Glyphosate, the world’s most widely used herbicide and one long touted as harmless to animals, might be taking a toll on honey bees. The chemical appears to disrupt the microbial community in the bees’ digestive system, making them more vulnerable to infection. The discovery adds another potential reason for the alarming decline of honey bees in parts of the world, as well as that of other pollinators that live in colonies, such as bumble bees.
“This is really critical,” says Fred Gould, an entomologist at North Carolina State University in Raleigh who was not involved in the work. The study challenges the conventional wisdom that animals are immune to glyphosate because it targets a cellular mechanism particular to plants and some bacteria. “I was surprised.”
Glyphosate kills plants by blocking an enzyme they use to make several key amino acids, the building blocks of proteins. Animals don’t produce this enzyme, but it is used by some bacteria.

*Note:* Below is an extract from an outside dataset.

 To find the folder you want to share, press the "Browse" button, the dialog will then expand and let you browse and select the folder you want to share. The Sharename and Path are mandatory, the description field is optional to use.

This sparked the interest of Nancy Moran, an evolutionary biologist at the University of Texas in Austin, who has spent a decade examining the gut microbiome—the population of bacteria that inhabit the intestines of animals—of honey bees (Apis mellifera). She and colleagues took approximately 2000 bees from a hive and fed some a sugar syrup and others syrup dosed with glyphosate at levels similar to those they might encounter in the environment while foraging for food. Three days after returning to the hive, the guts of glyphosate-fed bees had lower levels of a bacterium known as Snodgrassella alvi than those bees that were not exposed. Some of the results were confusing; bees that got the most glyphosate had a more normal looking microbiome after 3 days than those that had lower doses. Moran says it’s not clear whether that’s because more bees with the higher dose died, leaving behind ones that better withstood the herbicide.
In further tests, bees that consumed glyphosate had five times less of the bacterium. In a petri dish, most strains of S. alvi either slowed or stopped growing after a high dose of glyphosate.

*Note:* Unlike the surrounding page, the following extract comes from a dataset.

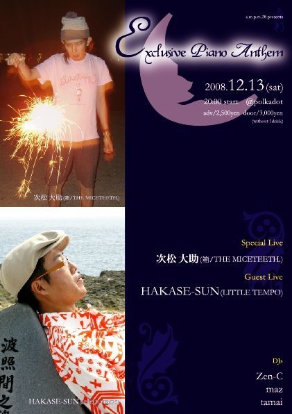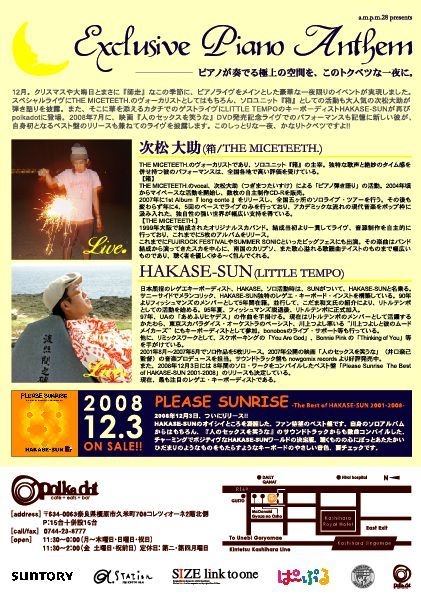 管理人様告知失礼いたします。 ■12/13(sat)■ a.m.p.m. 28 Exclusive Piano Anthem 【time】2008/12/13(sat) 20:00〜 【place】cafe polkadot(奈良県橿原市) 【door】adv/2,500yen door/3,000yen 【Special Live】次松 大助(箱/The Miceteeth.) 【Guest Live】HAKASE-SUN(LITTLE TEMPO) 【more info】http://www.cafe-polkadot.com/ 寒空の季節、ココロに沁みわたるピアノの音色を…。 今回は注目のピアニストが豪華ライヴ。 スペシャルライヴに、ザ・マイスティースのヴォーカリストであり、 ソロプ

This change in a bee’s microbial inhabitants appears to make it more vulnerable to lethal infections. In tests on several hundred bees, only 12% of insects fed glyphosate survived infection from Serratia marcescens—a bacterium widely found in trace amounts in beehives and bee guts that can cause infections by invading other parts of a bee’s body—compared with 47% not fed glyphosate.
It’s not clear why a glyphosate-disrupted microbiome would make the bees more susceptible to infection, Moran says. S. alvi lines part of the gut wall, and could create a protective barrier. It also secretes a chemical that could attack invading bacteria, she says.

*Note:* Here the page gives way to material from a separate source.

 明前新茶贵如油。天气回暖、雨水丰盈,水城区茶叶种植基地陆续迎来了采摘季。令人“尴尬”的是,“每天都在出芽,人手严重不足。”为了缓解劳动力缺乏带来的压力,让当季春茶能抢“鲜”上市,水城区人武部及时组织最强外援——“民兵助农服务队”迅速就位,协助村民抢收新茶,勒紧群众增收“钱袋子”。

The findings—reported today in the Proceedings of the National Academy of Sciences—add a new factor to a constellation of potential reasons for the decline of honey bees witnessed in recent years, says Gene Robinson, a honey bee geneticist at the University of Illinois in Urbana who was not involved with the study. In recent years, U.S. commercial beekeepers have seen almost a third of their hives fail during the winter, more than twice the historic rate. Researchers believe that pesticides, pathogens, parasites, and nutritional problems all play a role. A major strength of the new paper is that it points to a mechanism—the disruption of gut microbes—for how a pesticide could affect the bees, he says.
The discovery also raises questions about whether glyphosate is affecting the microbiome of other animals, including people. The role of microbes in the human gut has a lot of similarities to bee guts, Moran says. More research is needed; humans have different microbes in their guts, they have vastly larger bacterial populations and are likely exposed to much lower doses of glyphosate than are bees.
The new research is certain to make a controversial herbicide even more of a flashpoint. Some have also warned it could sicken people. Public health agencies have offered conflicting assessments of whether the chemical is a likely carcinogen.